Çalıştığım kurumun başka bir binaya taşınması hiç ummadığım kadar zor oldu. İnsanlar her gün anahtarını, parasını, zamanını kaybederken biz de 50 yıllık evraklar mevcut. Zabıt bir kere onun adı, önemli, bazıları da Osmanlıca. Şimdiye kadar işe yaradı mı yooo.. Ama olsun imha süresi henüz gelmedi.(ben hiç anlayamayacağım böyle işleri)

Bütün bu taşınma sırasında fazlaca yorgunluk ve stresten olsa gerek günlerce geçmeyen bir kulak uğultusu meşgul etti hayatımı. Neyse ki yorgunluktan olduğunu öğrendim ve 2 iğneyle çözdük olayı. Bakmayın bu kadar kolay yazdığıma, bir panik oldum, ya bişiy varsa, ya bir daha duyamazsam, tomografi mi çektirmeli... Bazen o kadar gereksiz şeylerle meşgul ediyorum ki kendimi, çevremdekileri. Şükürler olsun şimdi turp gibiyim ve yenilenmiş bir şekilde yeni binamızda mesaimize başladık:) Bu işin güzel yanı.. Kötü bir yanı var ki; öyle bir oturma planı yapmışlar ki, arkamdaki masalarda çalışan arkadaşlar ekranımı gayet net görebiliyorlar.
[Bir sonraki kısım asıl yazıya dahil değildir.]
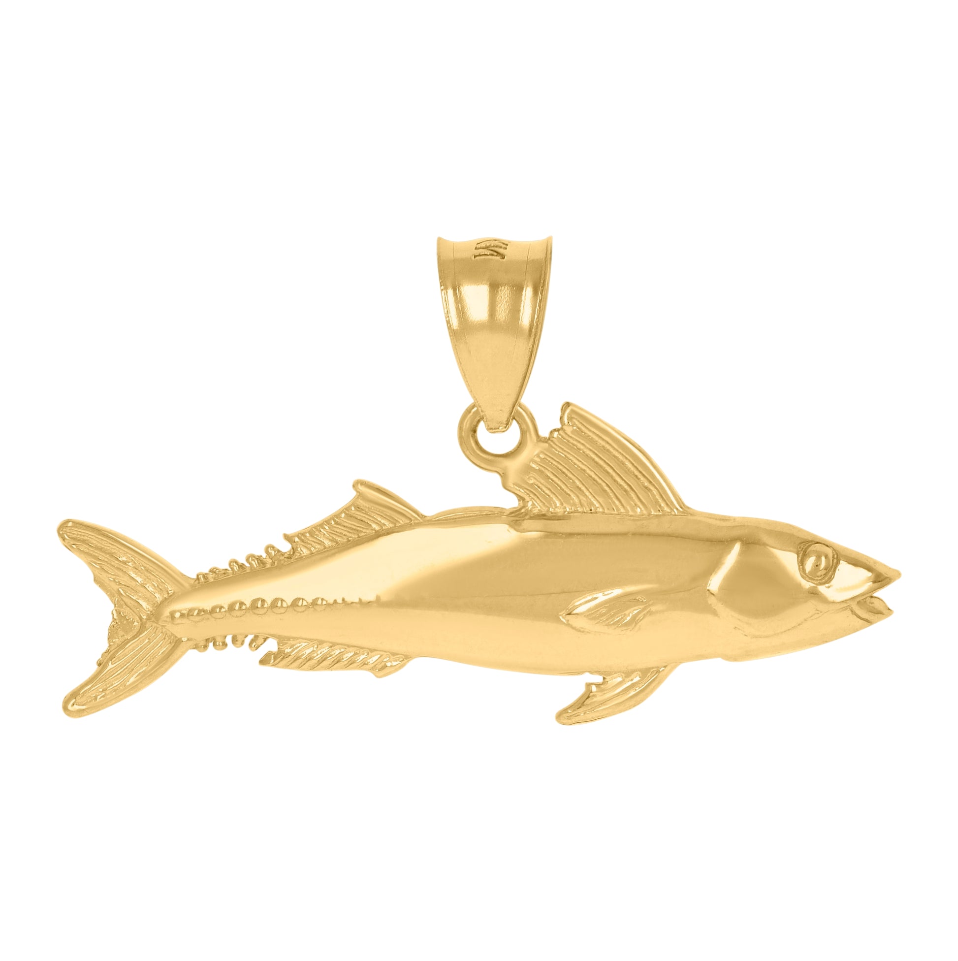 10K Yellow Gold Mens Sea Salmon Fish Animal Charm Pendant

Sanki ilkokul öğrencisi gibi arka arkaya oturma şekli. Konsept böyleymiş :(

 
 
Biraz önce blog sayfamı açmadan önce bir hikaye okudum, öyle hoşuma gitti ki... Severim böyle duygusal, düşündürücü, geliştirici öyküleri.. Hikayenin tamamını zaten nette bulabilirsiniz ancak sonunda anlatılmak istenen şey öyle güzel ki... Yaşam gerçekten böyle...
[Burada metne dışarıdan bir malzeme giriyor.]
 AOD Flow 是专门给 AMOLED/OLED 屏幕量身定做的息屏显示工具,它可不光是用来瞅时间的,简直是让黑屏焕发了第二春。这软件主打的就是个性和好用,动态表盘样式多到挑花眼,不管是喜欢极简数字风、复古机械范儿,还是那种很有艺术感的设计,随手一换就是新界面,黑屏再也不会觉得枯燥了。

Yaşlı kadın, bir antika dükkanından aldığı yüzyıllık fincanı özenle salon vitrinine yerleştirdi. Fincanın biçimi, üzerindeki işlemeler, renkler onun bir sanat eseri olduğunu söylüyordu. Ödediği fiyatı hatırladı; hayır, hiç de pahalıya almamıştı.
Hayranlıkla fincanı seyretmeye devam etti. Derken, birden fincan dile geldi ve kadına şöyle dedi;

"Bana hayranlıkla baktığının farkındayım. Ama bilmelisin ki, ben hep böyle değildim. Yaşadığım sıkıntılar beni bu hale getirdi.”
Kadın şimdi hayret içindeydi. Önündeki kahve fincanı konuşuyordu!
Kekeleyerek: "Nasıl? Anlayamadım?" diyebildi yaşlı kadın.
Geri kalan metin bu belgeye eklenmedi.